Le potentiel est sonore
Fidèle à notre gymnastique# plastique vous pouvez :
Relever : (isoler, imiter, collectionner...) Vous estimez que cette rencontre est déjà musicale. Alors vous l’enregistrez. Mais vous connaissez toutes les ambiguïtés que cela comporte. En effet, dans quelle mesure l’appareil d’enregistrement va-t-il constituer un écart par rapport à la réalité acoustique et multi sensorielle donnée ? Un enregistrement qui ne serait que sonore retournerait la situation à votre désavantage, rendant votre relevé amnésique de sa source (sauf si vous rivalisez d’ingéniosité dans les étiquetages, peut-être). La caméra peut alors devenir un outil utile. Mais il faut vous préoccuper des hors-champs dans la construction de vos plans. Un plan qui ne comporte pas de hors-champ n’est pas le relevé d’un fragment d’une réalité plus grande2. Mais voilà qu’un autre problème surgit : le micro ne connaît pas le hors-champ ! Jamais rien ne dépasse du cadre de la prise de son. Le micro ne connaît que la profondeur de champ, qu’il a plus ou moins grande. Ah ! Lorsque la technologie rejoue la fatale séparation entre nos yeux et nos oreilles…
Écrire la circonstance# ? La noter peut être ? ! Mais comment noter des sons aux multiples dimensions ? Comme vous pouvez le constater cette ligne de recherche reste ouverte.
Indexer : Il s’agit de souligner la circonstance# même. C’est un moyen de la relever en jouant avec un élément sonore saillant (l’exemple évoqué plus haut fonctionne comme l’indexation d’une situation sociale). Étirer, répéter, imiter sont les principales opérations de cette activité compositionnelle plastique#.
Investir : C’est lorsque l’intervention dérange la circonstance# donnée et influe sur son cours, un passage de moment à moment qui peut nécessiter plusieurs catégories de gestes. Étirer, répéter, imiter... par exemple. Mais elle n’exclut pas les évolutions qualitatives, ni les changements de point de vue.
Inclure : Il s’agit d’une pratique de montage*, telle que nous l’avons définie auparavant. Un moment hétérogène est rapproché de la circonstance# observée, leur rencontre produit du sens. Le moment inclus peut être envisagé dans toutes ses possibilités dans la mesure où il représente une construction autonome. Inutile de préciser que ce moment n’est pas nécessairement sonore.
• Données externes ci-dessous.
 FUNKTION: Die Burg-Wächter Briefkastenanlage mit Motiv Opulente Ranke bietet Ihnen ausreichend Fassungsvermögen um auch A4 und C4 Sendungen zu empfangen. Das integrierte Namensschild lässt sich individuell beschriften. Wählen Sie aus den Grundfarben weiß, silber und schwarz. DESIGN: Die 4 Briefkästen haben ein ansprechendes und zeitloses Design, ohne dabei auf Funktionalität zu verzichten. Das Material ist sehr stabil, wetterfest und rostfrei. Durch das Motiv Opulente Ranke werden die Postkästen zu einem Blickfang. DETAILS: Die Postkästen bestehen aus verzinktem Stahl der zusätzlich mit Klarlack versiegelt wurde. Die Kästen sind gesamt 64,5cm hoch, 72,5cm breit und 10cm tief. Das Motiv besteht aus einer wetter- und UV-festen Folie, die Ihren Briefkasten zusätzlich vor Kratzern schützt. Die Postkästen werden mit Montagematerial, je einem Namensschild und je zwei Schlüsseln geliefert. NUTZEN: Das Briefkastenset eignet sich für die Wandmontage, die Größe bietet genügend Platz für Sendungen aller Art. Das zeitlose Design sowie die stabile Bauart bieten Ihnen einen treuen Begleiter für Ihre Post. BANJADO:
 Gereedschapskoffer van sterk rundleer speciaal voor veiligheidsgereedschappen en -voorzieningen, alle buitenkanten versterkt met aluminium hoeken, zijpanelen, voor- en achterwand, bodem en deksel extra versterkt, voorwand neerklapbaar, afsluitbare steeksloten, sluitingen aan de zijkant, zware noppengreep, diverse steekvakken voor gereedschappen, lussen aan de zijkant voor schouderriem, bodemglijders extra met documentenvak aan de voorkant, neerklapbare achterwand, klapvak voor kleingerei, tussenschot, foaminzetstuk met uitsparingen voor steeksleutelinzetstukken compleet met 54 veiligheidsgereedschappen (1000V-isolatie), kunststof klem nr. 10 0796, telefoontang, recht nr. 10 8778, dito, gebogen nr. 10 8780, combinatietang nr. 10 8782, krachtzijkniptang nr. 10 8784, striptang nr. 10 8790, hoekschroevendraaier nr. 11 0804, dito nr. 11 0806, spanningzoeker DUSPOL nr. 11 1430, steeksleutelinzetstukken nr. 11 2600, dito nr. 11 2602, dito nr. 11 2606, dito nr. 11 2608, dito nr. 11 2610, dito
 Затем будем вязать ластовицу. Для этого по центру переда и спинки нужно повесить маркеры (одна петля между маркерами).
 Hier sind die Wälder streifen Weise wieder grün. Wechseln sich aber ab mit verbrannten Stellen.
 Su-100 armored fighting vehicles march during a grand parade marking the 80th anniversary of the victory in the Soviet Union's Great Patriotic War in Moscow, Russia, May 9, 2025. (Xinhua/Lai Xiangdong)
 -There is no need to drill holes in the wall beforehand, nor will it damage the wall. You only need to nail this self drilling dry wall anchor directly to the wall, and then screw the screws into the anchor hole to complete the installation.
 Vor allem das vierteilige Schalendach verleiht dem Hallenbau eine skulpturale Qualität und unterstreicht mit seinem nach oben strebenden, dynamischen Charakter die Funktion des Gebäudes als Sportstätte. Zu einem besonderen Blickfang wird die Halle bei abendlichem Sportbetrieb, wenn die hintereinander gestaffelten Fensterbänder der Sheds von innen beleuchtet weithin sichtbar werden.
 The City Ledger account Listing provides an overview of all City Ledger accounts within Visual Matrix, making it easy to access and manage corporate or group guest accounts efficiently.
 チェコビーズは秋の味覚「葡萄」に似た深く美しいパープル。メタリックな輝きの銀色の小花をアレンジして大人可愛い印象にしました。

S’il l’est, il se construit en fonction de tout ce qui a été dit jusqu’ici. (Ajouter, associer, intégrer, lier...)
Manifeste des Pockets Music publié dans le laboratoire L'autre Musique le 11 novembre 2011.
* Le son sera enregistré avec n’importe quel outils de prise de son. (bannir toutes formes de fétichisme du microphone.)
*Il n’y aura pas de montage ou d’autres « postproductions ».
* L’enregistrement témoignera seulement d’une attitude : faire de la musique avec la circonstance sonore et/ou visuelle et/ou sociale qui nous entoure.
Porto octobre 2011
écouter des pockets music : ici
Le potentiel sollicite un autre sens
Traduction : Dans ce cas, vous considérez le site, l’occasion et leur(s) potentiel(s) comme une partition circonstancielle. Les traces, les couleurs, les parfums, la densité des évènements... sont aussi déterminants que les contingences d’espace, de lieu et les représentations sociales et politiques de cette circonstance#. Ces déterminants peuvent donc être amenés à être traduits musicalement. La traduction procède d’un code de lecture précis, un mode d’emploi3 qui repose sur des passages arbitraires, entre la musique à jouer et les autres éléments repérés. C’est une règle du jeu, semblable à ce que pratique Richard Long lorsqu’il trace un cercle sur une carte pour déterminer sa future promenade. Le mode d’emploi, la réalisation sonore et les saillances non-musicales sont trois éléments hétérogènes en présence qui se confrontent. Le sens naît de la couture, du montage*. La situation se déploie et laisse place à un autre moment.
Mathevet Frédéric,Etude en rouge pour effectif au choix, 2011. Work in progress.
Inclure : Sans procéder à une traduction, vous pouvez incorporer à une situation n’importe quelle composition. Voir montage*/mix*.
Nous aurions tort de prétendre à l’exhaustivité dans cette petite suite d’opérations plastiques#. Toutes les combinaisons et les variantes sont possibles. Et la suite des recherches nous permettra de rendre plus complète ce catalogue (comme nous l’espérons). Livré ici, il sera soumis à vos éventuelles critiques, et pourquoi pas, à votre volonté de le compléter.
Composition circonstanciée : échafauder un site et un moment.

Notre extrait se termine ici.